Vleermuisviroom

Main article: negative-sense ssRNA virus

ArenavirussenEdit

Arenavirussen worden vooral geassocieerd met knaagdieren, hoewel sommige bij de mens ziekte kunnen veroorzaken. Het eerste arenavirus geïdentificeerd bij vleermuizen was Tacaribe mammarenavirus, dat geïsoleerd werd uit Jamaicaanse fruitvleermuizen en de grote fruitetende vleermuis. Antilichaamrespons in verband met het Tacaribe-virus is ook aangetroffen bij de gewone vampiervleermuis, de kleine geelvleermuis en de Heller’s breedneusvleermuis. Het is onduidelijk of vleermuizen het natuurlijke reservoir van het Tacaribe-virus zijn. Er is één besmetting van de mens met het Tacaribe-virus bekend, maar die werd per ongeluk in een laboratoriumsetting opgelopen.

HantavirussenEdit

Hantavirussen, familie Hantaviridae, komen van nature voor bij gewervelde dieren. Alle met vleermuizen geassocieerde hantavirussen behoren tot de subfamilie Mammantavirinae. Van de vier genera binnen de subfamilie zijn Loanvirus en Mobatvirus de genera die bij diverse vleermuizen zijn gedocumenteerd. Bijna alle hantavirussen van vleermuizen zijn geïdentificeerd bij microvleermuizen. Het Mouyassue-virus is geïdentificeerd bij de bananenpipistrelle in Ivoorkust en de Kaapse serotine in Ethiopië; het Magboi-virus bij de harige spleetvleermuis in Sierra Leone; het Xuan Son-virus bij de Pomona-rondvleermuis in Vietnam; het Huangpi-virus bij de Japanse huisvleermuis in China; Longquan-leningvirus van verscheidene hoefijzervleermuizen in China; Makokou-virus van de Noack-rondvleermuis in Gabon; Đakrông-virus van de drietandvleermuis van Stoliczka in Vietnam; Brno-leningvirus van de gewone noctule in Tsjechië; en Laibin mobatvirus van de zwartbaardromboutvleermuis in China. Vanaf 2019 is alleen het Quezon mobatvirus geïdentificeerd van een megavleermuis, aangezien het werd geïdentificeerd van een Geoffroy’s rousette in de Filipijnen. Vleermuis hantavirussen worden niet in verband gebracht met ziekte bij de mens.

FilovirussenEdit

Marburgvirus en EbolavirusEdit

De Egyptische fruitvleermuis, een bekend natuurlijk reservoir van het Marburgvirus en het Ravn-virus, die de ziekte van Marburg veroorzaken

Filoviridae is een virusfamilie die twee genera omvat die met vleermuizen in verband worden gebracht: Marburgvirus en Ebolavirus, die de soorten bevatten die respectievelijk de ziekte van Marburgvirus en de ziekte van Ebolavirus veroorzaken. Hoewel betrekkelijk weinig ziekte-uitbraken door filovirussen worden veroorzaakt, zijn zij zeer zorgwekkend wegens hun extreme virulentie, d.w.z. hun vermogen om hun gastheren schade toe te brengen. Uitbraken van filovirussen hebben gewoonlijk een hoog sterftecijfer bij de mens. Hoewel het eerste filovirus in 1967 werd geïdentificeerd, duurde het meer dan twintig jaar om natuurlijke reservoirs te identificeren.

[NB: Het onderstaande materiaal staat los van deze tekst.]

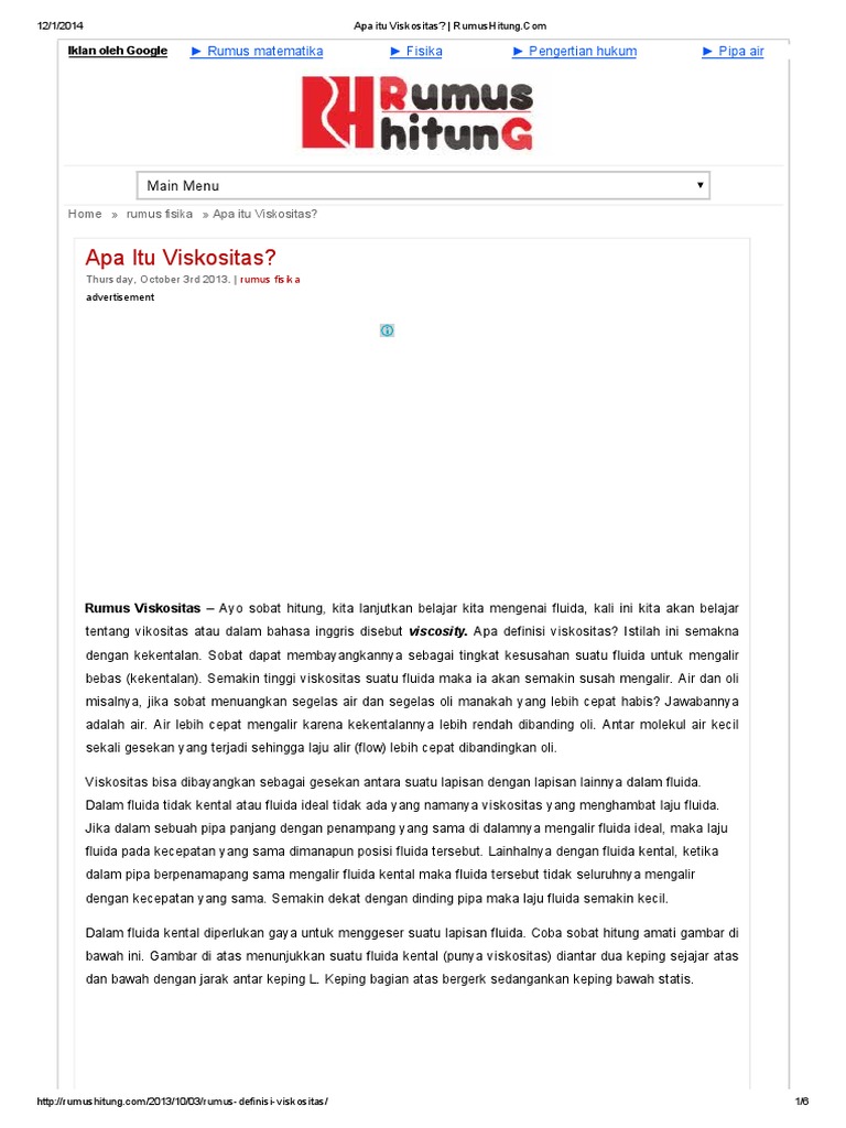Apa Itu Viskositas Rumushitung
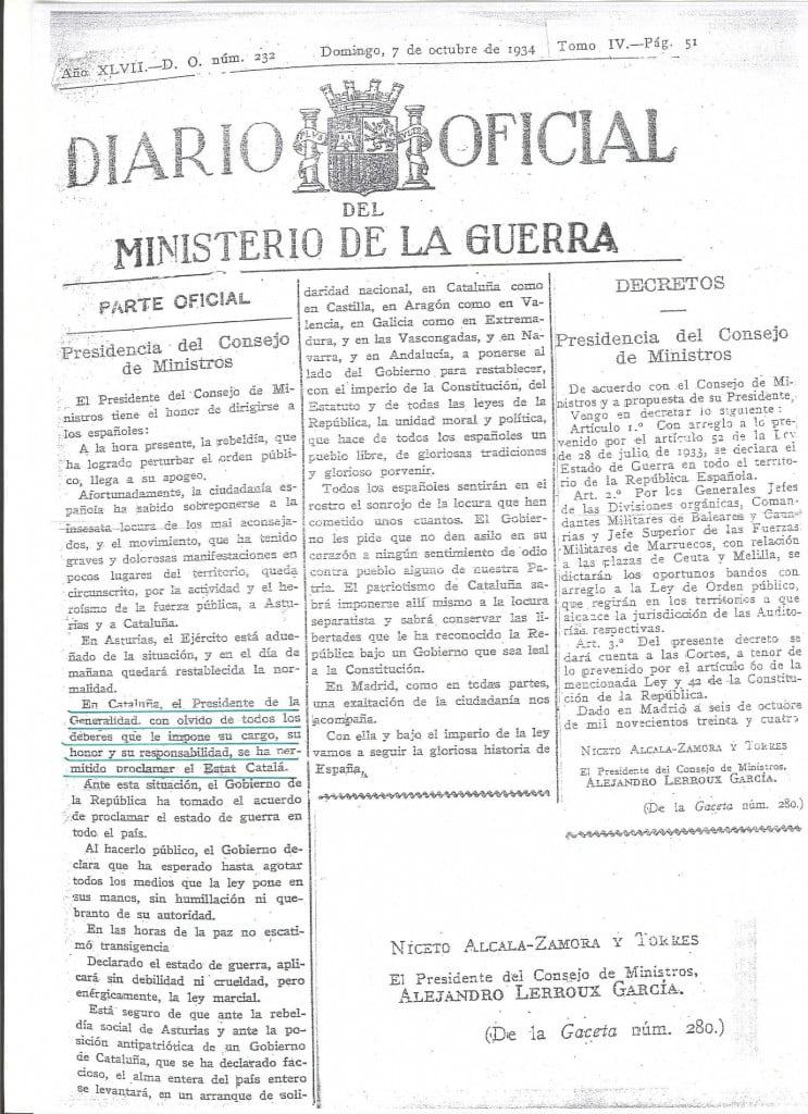 Y para terminar, y simplemente con algo anecdótico, os dejo el Diario Oficial del Ministerio de la Guerra del 7 de octubre de 1934, un día después de que Lluís Companys, presidente de la Generalitat, se asomase al balcón de la plaza de Sant Jaume y gritase:
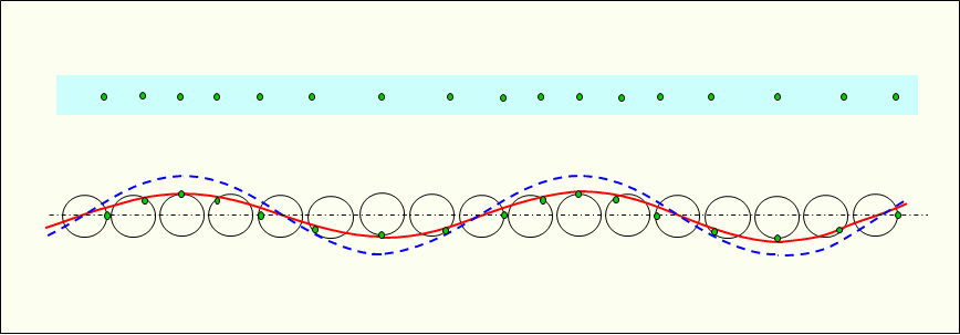 先述したような振動模擬円を使用し、粒子の動作を大きく拡大して縦波(疎密波)の様子を見やすくして示す。
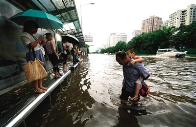 上图:中国城公交车站被水淹,乘客们在水中候车。
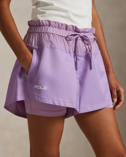 Delivering comfort and ease of movement, these paperbag-waist drawstring shorts offer a modern take on an athletic essential thanks to a taffeta-and-twill paneled top layer paired with a stretch jersey undershort.
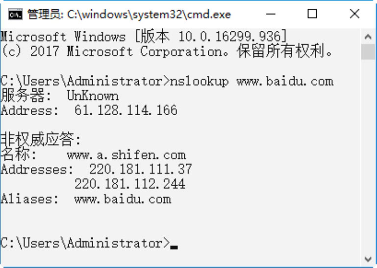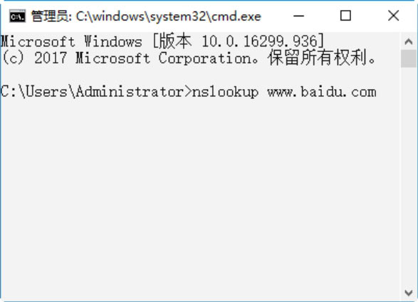Step 01 在“命令提示符”窗口中输入nslookup www.baidu.com命令,如下图所示。
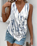 V-Neck Sleeveless Printed Irregular Tank Top
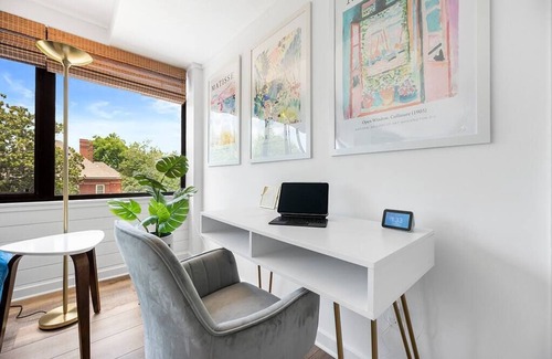 Since you're the "work from home" type, you grab your laptop and sit at the desk in the comfy work chair. You quickly get on our ultra fast high speed internet to get some work done when you realize you need to leave by a certain time. You notice that there is a smart assistant clock on the desk and ask it to set a reminder to leave in case you forget what time it is and don’t have enough time to shower.

Ebola-virusziekte is een relatief zeldzame maar levensbedreigende ziekte bij de mens, met een gemiddeld sterftecijfer van 50% (hoewel bij individuele uitbraken een sterftecijfer van 90% kan worden bereikt). De eerste uitbraken waren in 1976 in Zuid-Soedan en de Democratische Republiek Congo. De natuurlijke reservoirs van ebolavirussen zijn onbekend. Er zijn echter aanwijzingen dat megabats natuurlijke reservoirs kunnen zijn. Verscheidene megabat-soorten hebben seropositief getest voor antilichamen tegen ebolavirussen, waaronder de hamerkopvleermuis, de Franquet’s epauletted fruit bat, en de little collared fruit bat. Andere mogelijke reservoirs zijn niet-menselijke primaten, knaagdieren, spitsmuizen, carnivoren en hoefdieren. Definitief stellen dat fruitvleermuizen natuurlijke reservoirs zijn is problematisch; tot 2017 zijn onderzoekers er grotendeels niet in geslaagd ebolavirussen of hun virale RNA-sequenties te isoleren uit fruitvleermuizen. Bovendien hebben vleermuizen doorgaans een laag niveau van ebolavirus-geassocieerde antilichamen, en seropositiviteit bij vleermuizen is niet sterk gecorreleerd met menselijke uitbraken.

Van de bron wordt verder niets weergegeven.